This issue has been harder coming than most of late (which could be interpreted in a negative
or positive manner depending upon your viewpoint, semantics, and the situation). What inspired
me oddly enough (Oddly enough especially since when I wrote this, I didn't publish anything.
Must not have been sufficiently inspiring I guess.) is my normal Saturday reading of the Sunday
Chronicle/Examiner. First there was the article about the warehouse people, groups or tribes or
whatevers of people living together in warehouses, buildings, or whatever. Some are squatting,
some paying rent to absentee landlords. All of which seemed to bring to mind the writing of Bill
Gibson. Maybe some of his writing seems to hold a better view of the future than others not so
much because he's writing about 100 years from now, nor even 10 years from now, but more likely
tomorrow in our neighborhood and probably today or yesterday in someone else's neighborhood.

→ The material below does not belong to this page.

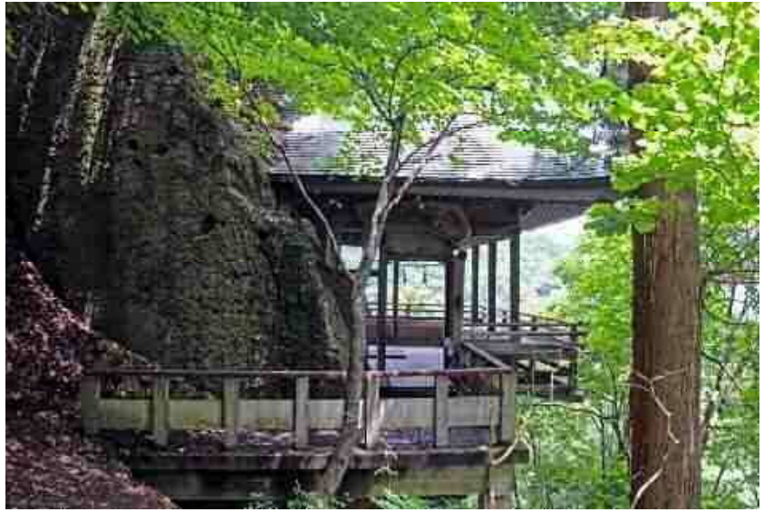
写真2 (2016.8.31) 南西側 外観
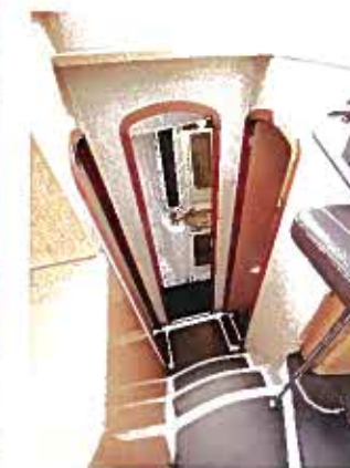
Utrymmena i en katamaran upplevs nästan oändliga när man är van vid en vanlig enskrovsbåt. En halvtrappa ner i varje skrov finns hytter och toaletter.

FAKTA: SUMMERLAND 40 LÄNGD: 12 m BREDD: 5,40 m DJUP: 1,07 m VIKT: 12 ton BRÄNSLE: 2 x 700 liter diesel PRIS: ca 4 200 000 kr (med 2 x 150 hk) DESIGN: Joubert-Nivelt MER INFO: www.ariboats.se

Make sense? My writing was never known to truly make sense, even to the point of being
overly ambiguous, so it goes.
Returning to the paper we have the articles about the lack of good saving practices in America
whereas in Japan families save 22% of their annual income and live in tiny apartments now. Hm.
I'm still thinking about it and still not saving 22% of my income. Although we are probably saving
more than most American families.
Then there's the father's day ads for radios that look like old coca cola coolers or the old at-the-table
diner juke boxes. You know, you can flip the page listings of songs with the (ohmighod) mechanical
page turners at the top of the thing. Sorry I don't want a radio that looks like a coke cooler or a juke
box selector. Seems pretty dumb all in all to me. I'm not really sure they're any better than the ugly
ties fathers occasionally get. Hm, could I put one of these things on my father's grave sorta nested
in the flowers? Stupid radios in the midst of flowers on a grave covered with colored rocks (my
grandfather thought the colored rocks were a nice touch, most of the other relatives didn't). What
about pink flamingos on a grave? How about those yard deer figurines or the eight foot tall wind mill?
Actually we both (my dead father and I) might enjoy the bird feeder on top of the gravestone. Life
amongst death, huh? Except he always told me not to say huh.
Oh yeah, my mother and David, the person she married after my father died, did indeed go to China.